Carbon reduction is 42% less than other active wear products
RubyMoon is a sustainable brand that offers vibrant, high-quality, affordable swim and active wear for women who want more design, functionality and ethics. Whilst being ethically manufactured and made from cutting-edge sustainable materials, RubyMoon also helps women set up and grow businesses across the globe. In a chat with Paulami Chatterjee, Jo-Anne Godden - Founder and Designer, Rubymoon, discusses about the inspiration behind launching the brand and why it took to helping women from developing countries.
Why the name 'RubyMoon'? What does it symbolise?
Ruby was my grandmother who taught me how to sew. When I was creating RubyMoon I took a trip to Asia and was inspired by a huge red moon hanging over the ocean-- the two names came together and instantly sounded right.

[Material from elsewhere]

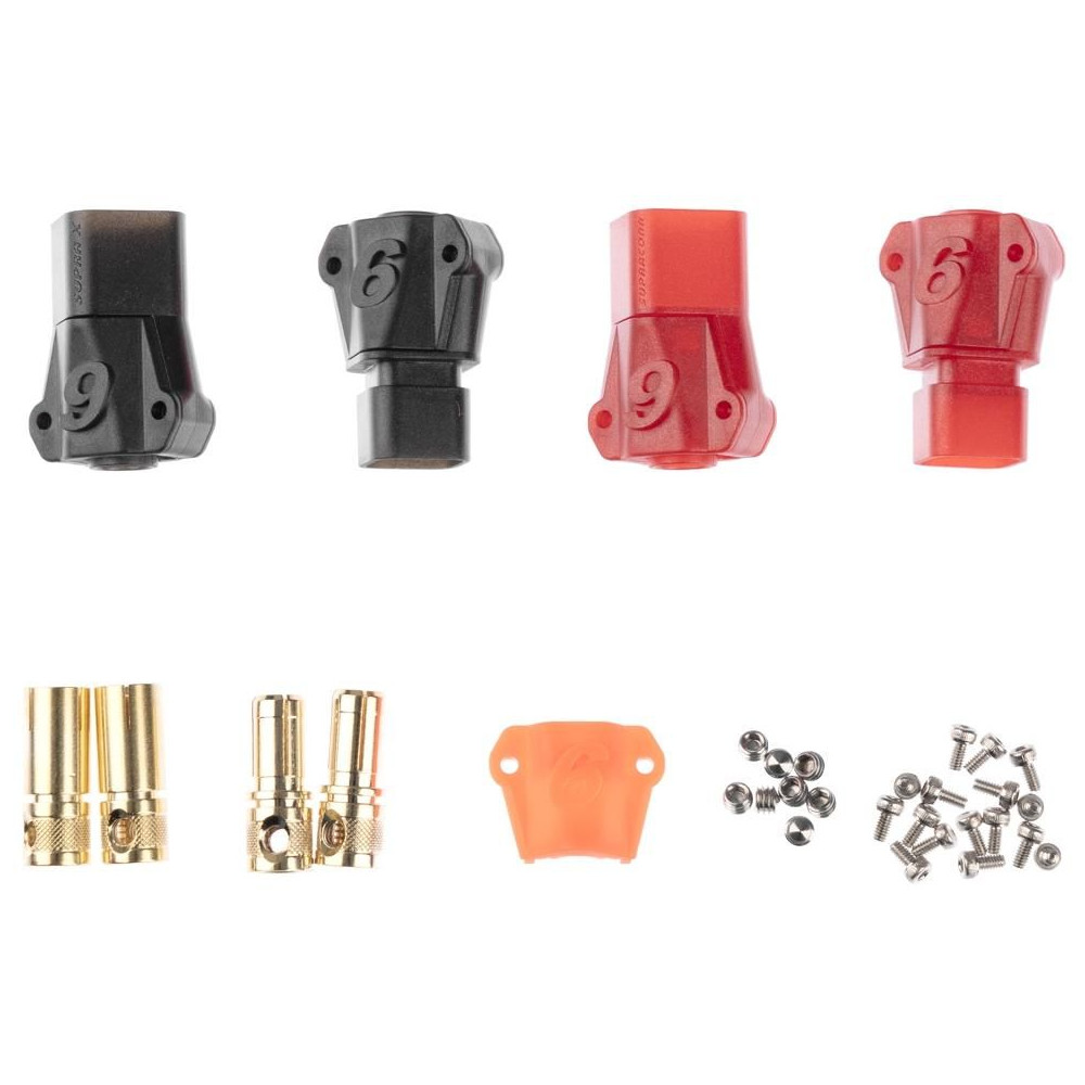 Aranyozott 6 mm-es csatlakozók házzal 8,4 mm2 (8 AWG) kábelhez. Állandó áram 240 A, csúcs 280 A. Max. 60 V DC. Forrasztás nélküli változat - a kábel rögzítése két imbuszcsavarral történik. 2 páros csomag. Kompatibilis a szikramentes S6 6808 ASST (REB6808ASSTS6P2) csatlakozókkal.

How did you get inspired to launch an ethical swimwear and athleisure brand? Did your prior experience help you launch the brand?
Yes. When you start a business, they always say "do what you know best", so I pulled on my expertise of working internationally in lingerie and swimwear. But I wanted to create a business that created positive social and environmental impact too. I was fed up seeing how fashion was creating pollution and modern slavery.
What was the initial seed money you started with?
I used £8,000 of my own money and then we raised further finance to develop our 'Gym To Swim' collection and take it to market.
How many people are part of your team today?
We have a small team, and some are volunteers! We are fortunate enough to attract committed individuals who really want to make a positive change in the world.
To support women, why did you decide to partner with LendWithCare.org in the first place?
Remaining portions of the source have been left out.